■ What is needed
Wherever a picture appears, leave it out; set down everything else in the records exactly.
• • • • •
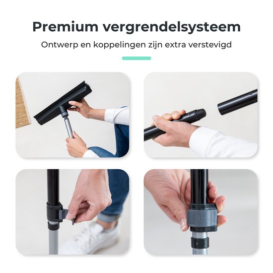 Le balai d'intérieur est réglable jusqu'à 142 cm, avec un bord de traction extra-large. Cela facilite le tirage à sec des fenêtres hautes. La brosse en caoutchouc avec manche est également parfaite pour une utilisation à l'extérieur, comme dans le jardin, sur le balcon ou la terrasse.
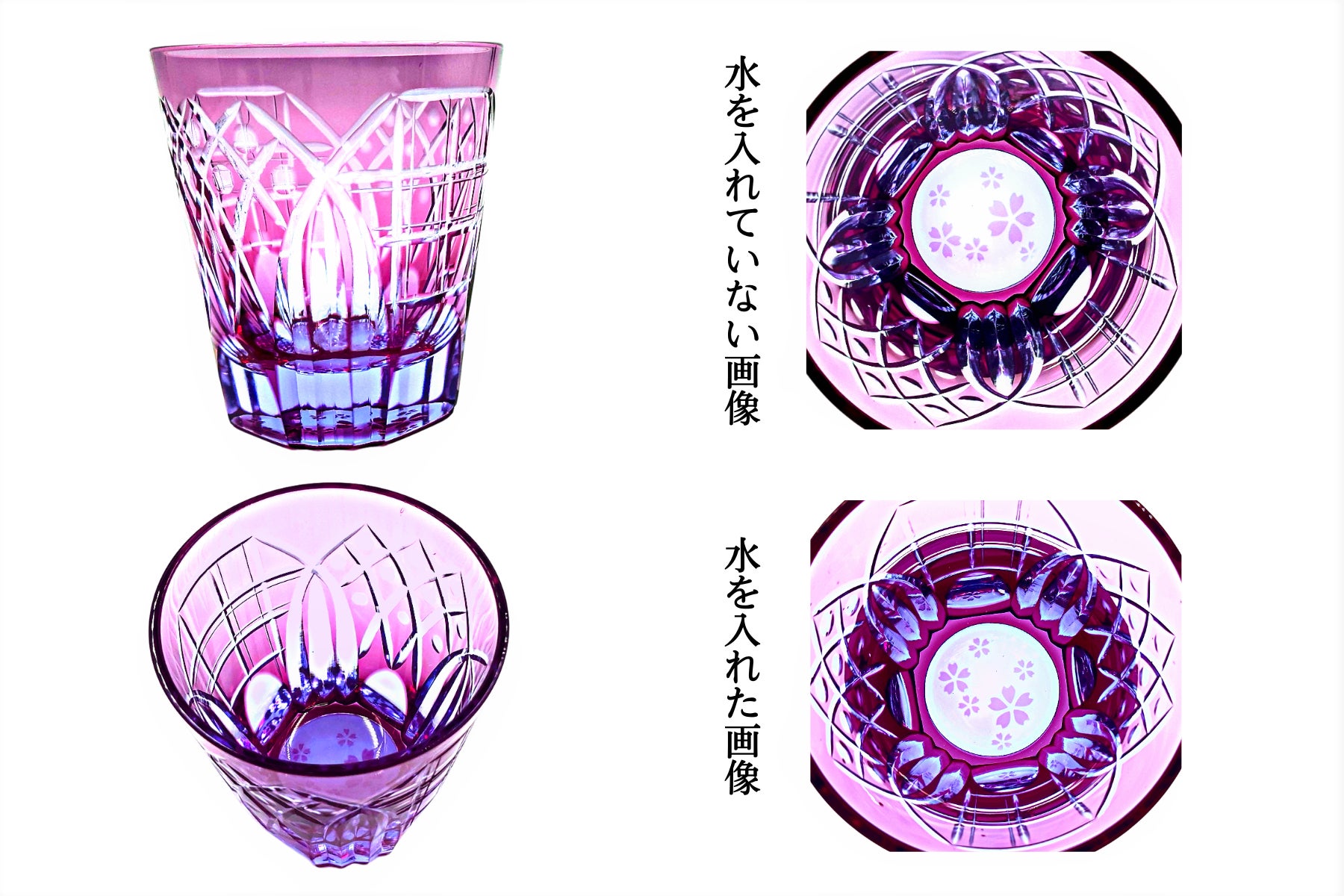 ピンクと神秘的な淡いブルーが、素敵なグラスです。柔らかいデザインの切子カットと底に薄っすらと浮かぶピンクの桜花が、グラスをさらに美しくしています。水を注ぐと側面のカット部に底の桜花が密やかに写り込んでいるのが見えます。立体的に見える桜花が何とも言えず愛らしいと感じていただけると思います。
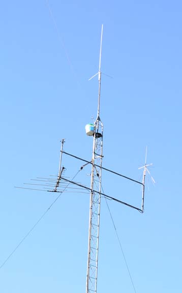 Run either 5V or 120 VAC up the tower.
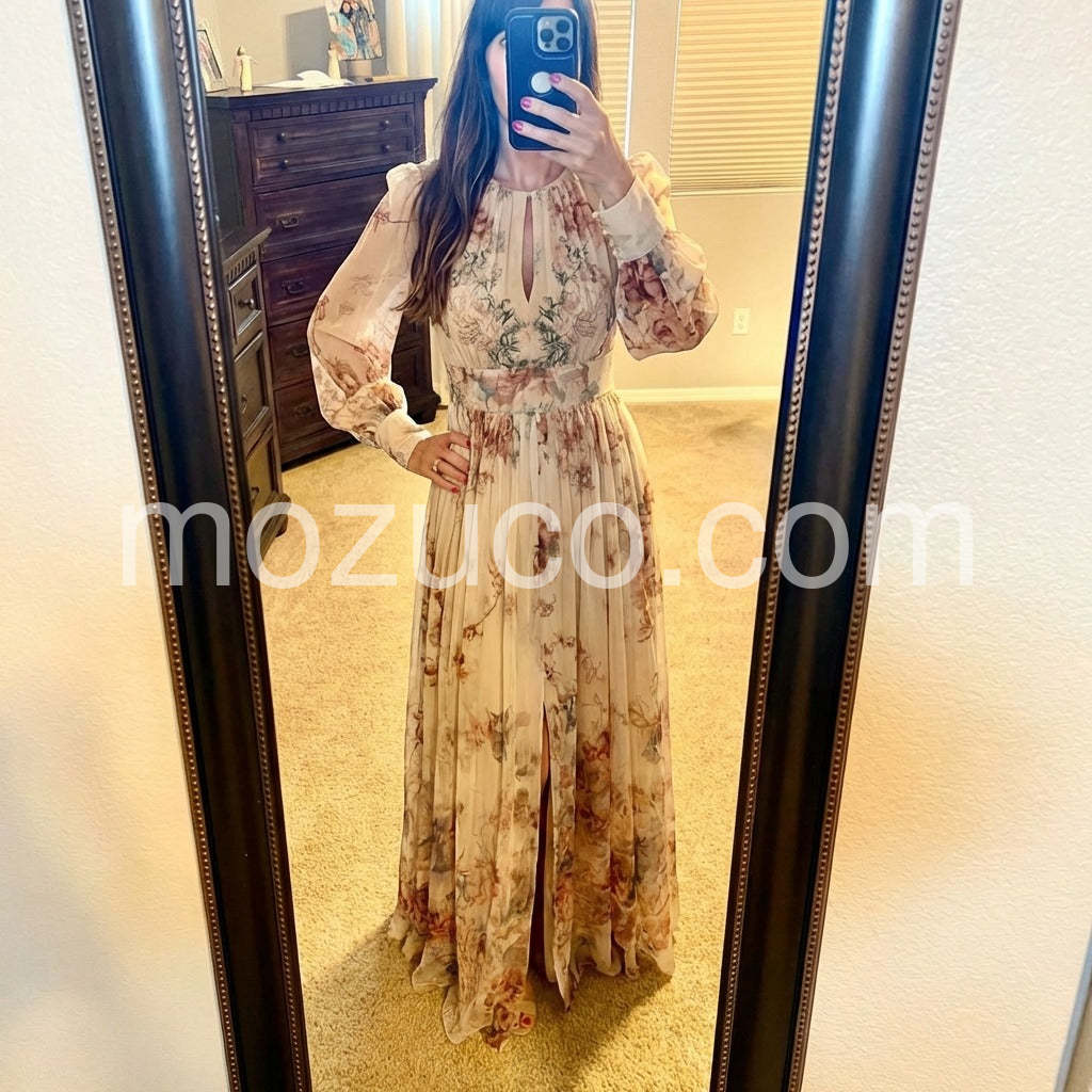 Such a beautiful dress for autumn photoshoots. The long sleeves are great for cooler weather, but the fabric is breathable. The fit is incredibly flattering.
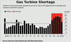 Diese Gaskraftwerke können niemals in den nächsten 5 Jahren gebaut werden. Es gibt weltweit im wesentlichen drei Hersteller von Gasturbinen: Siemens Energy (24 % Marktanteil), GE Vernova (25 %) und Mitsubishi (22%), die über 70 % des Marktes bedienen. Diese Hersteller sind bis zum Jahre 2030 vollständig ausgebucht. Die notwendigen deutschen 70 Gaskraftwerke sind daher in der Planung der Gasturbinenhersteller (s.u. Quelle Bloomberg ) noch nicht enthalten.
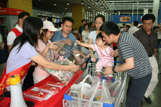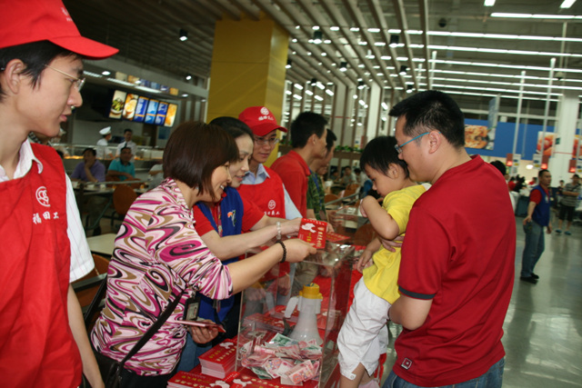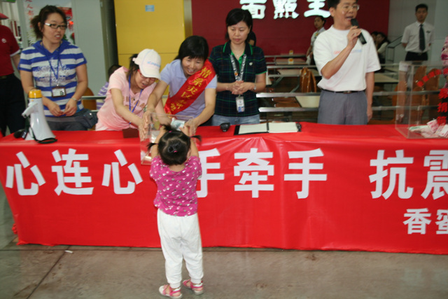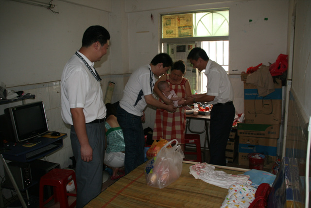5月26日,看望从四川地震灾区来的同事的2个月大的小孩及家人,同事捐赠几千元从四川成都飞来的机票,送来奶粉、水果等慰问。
• • • • •
■ Response
 Le balai d'intérieur est réglable jusqu'à 142 cm, avec un bord de traction extra-large. Cela facilite le tirage à sec des fenêtres hautes. La brosse en caoutchouc avec manche est également parfaite pour une utilisation à l'extérieur, comme dans le jardin, sur le balcon ou la terrasse.
 ピンクと神秘的な淡いブルーが、素敵なグラスです。柔らかいデザインの切子カットと底に薄っすらと浮かぶピンクの桜花が、グラスをさらに美しくしています。水を注ぐと側面のカット部に底の桜花が密やかに写り込んでいるのが見えます。立体的に見える桜花が何とも言えず愛らしいと感じていただけると思います。
 Run either 5V or 120 VAC up the tower.
 Such a beautiful dress for autumn photoshoots. The long sleeves are great for cooler weather, but the fabric is breathable. The fit is incredibly flattering.
 Diese Gaskraftwerke können niemals in den nächsten 5 Jahren gebaut werden. Es gibt weltweit im wesentlichen drei Hersteller von Gasturbinen: Siemens Energy (24 % Marktanteil), GE Vernova (25 %) und Mitsubishi (22%), die über 70 % des Marktes bedienen. Diese Hersteller sind bis zum Jahre 2030 vollständig ausgebucht. Die notwendigen deutschen 70 Gaskraftwerke sind daher in der Planung der Gasturbinenhersteller (s.u. Quelle Bloomberg ) noch nicht enthalten.
5月26日,看望从四川地震灾区来的同事的2个月大的小孩及家人,同事捐赠几千元从四川成都飞来的机票,送来奶粉、水果等慰问。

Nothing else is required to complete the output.